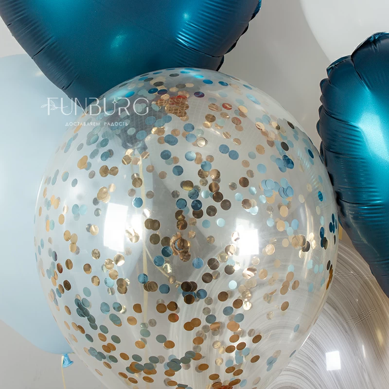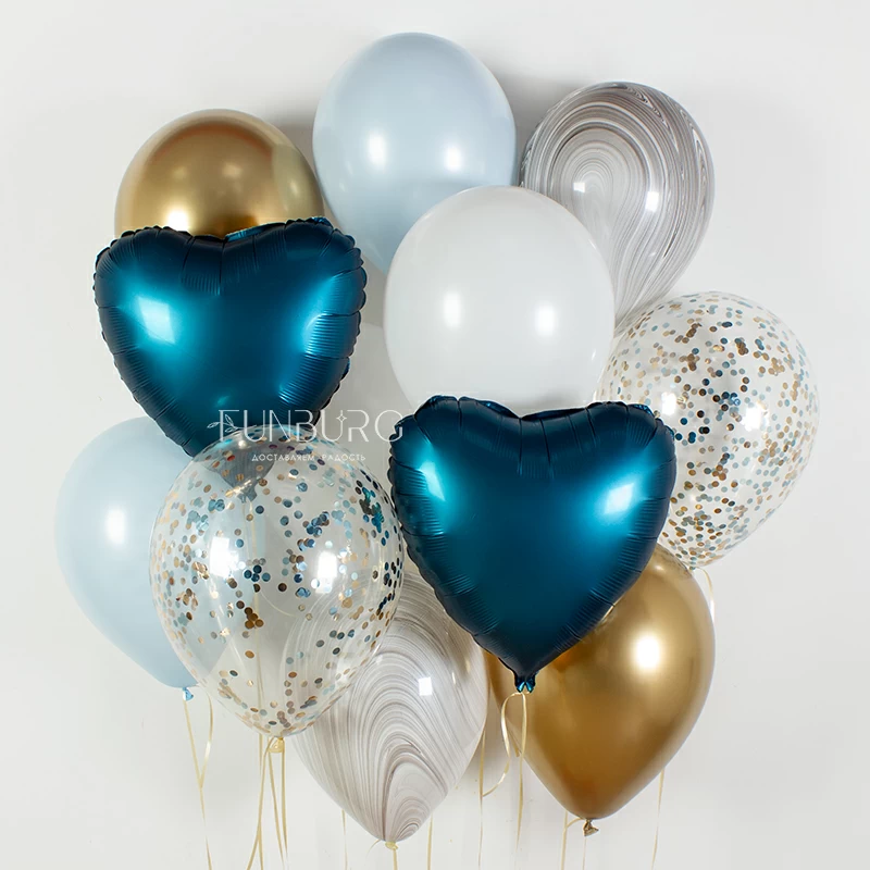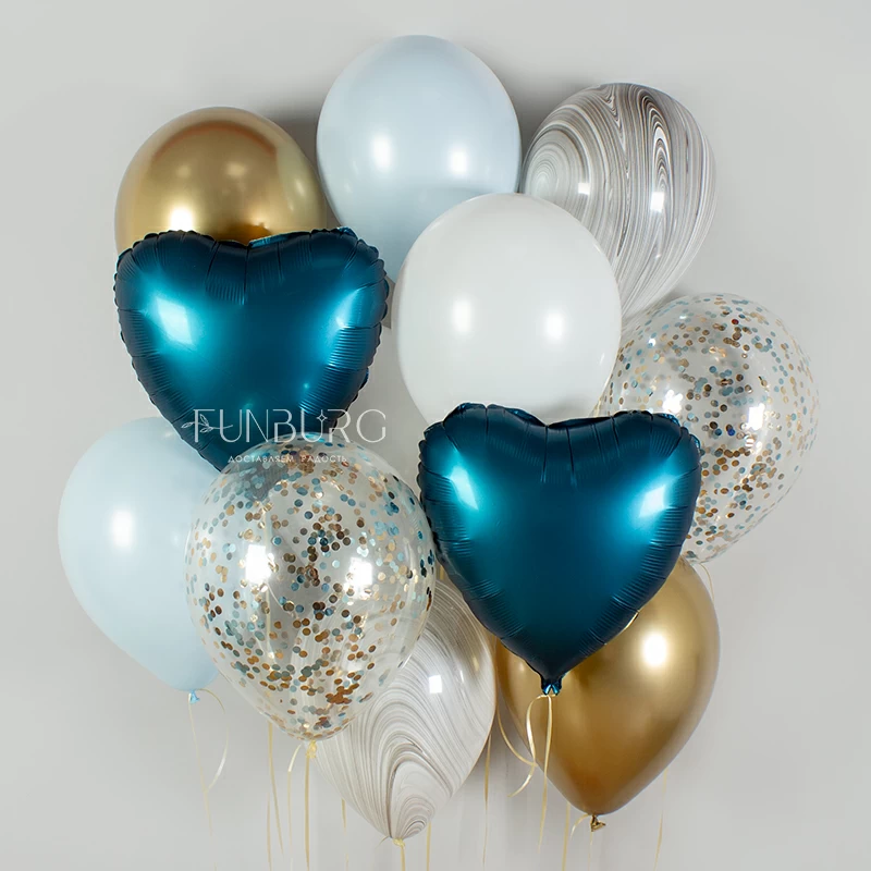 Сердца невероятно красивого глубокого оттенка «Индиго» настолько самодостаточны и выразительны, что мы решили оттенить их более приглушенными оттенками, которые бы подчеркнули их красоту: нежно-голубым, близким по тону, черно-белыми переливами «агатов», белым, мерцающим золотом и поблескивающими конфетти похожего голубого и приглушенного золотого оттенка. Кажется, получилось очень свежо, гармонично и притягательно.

* * *

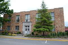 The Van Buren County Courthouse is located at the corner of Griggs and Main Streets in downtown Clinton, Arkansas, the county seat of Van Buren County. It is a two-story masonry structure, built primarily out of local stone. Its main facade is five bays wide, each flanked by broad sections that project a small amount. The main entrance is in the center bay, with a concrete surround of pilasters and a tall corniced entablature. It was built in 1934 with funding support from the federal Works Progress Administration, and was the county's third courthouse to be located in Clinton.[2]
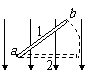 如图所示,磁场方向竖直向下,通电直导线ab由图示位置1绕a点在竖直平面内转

_WHAT IS REQUIRED:_ Because only one stretch of the records is wanted, please output the lines from the one holding "The Van Buren" through the one holding "如图所示,磁场方向竖直向下,通电直导线ab由图示位置1绕a点在竖直平面内转" exactly, both included, and leave every picture out.

_ANSWER TO THIS EXERCISE:_
 The Van Buren County Courthouse is located at the corner of Griggs and Main Streets in downtown Clinton, Arkansas, the county seat of Van Buren County. It is a two-story masonry structure, built primarily out of local stone. Its main facade is five bays wide, each flanked by broad sections that project a small amount. The main entrance is in the center bay, with a concrete surround of pilasters and a tall corniced entablature. It was built in 1934 with funding support from the federal Works Progress Administration, and was the county's third courthouse to be located in Clinton.[2]
 如图所示,磁场方向竖直向下,通电直导线ab由图示位置1绕a点在竖直平面内转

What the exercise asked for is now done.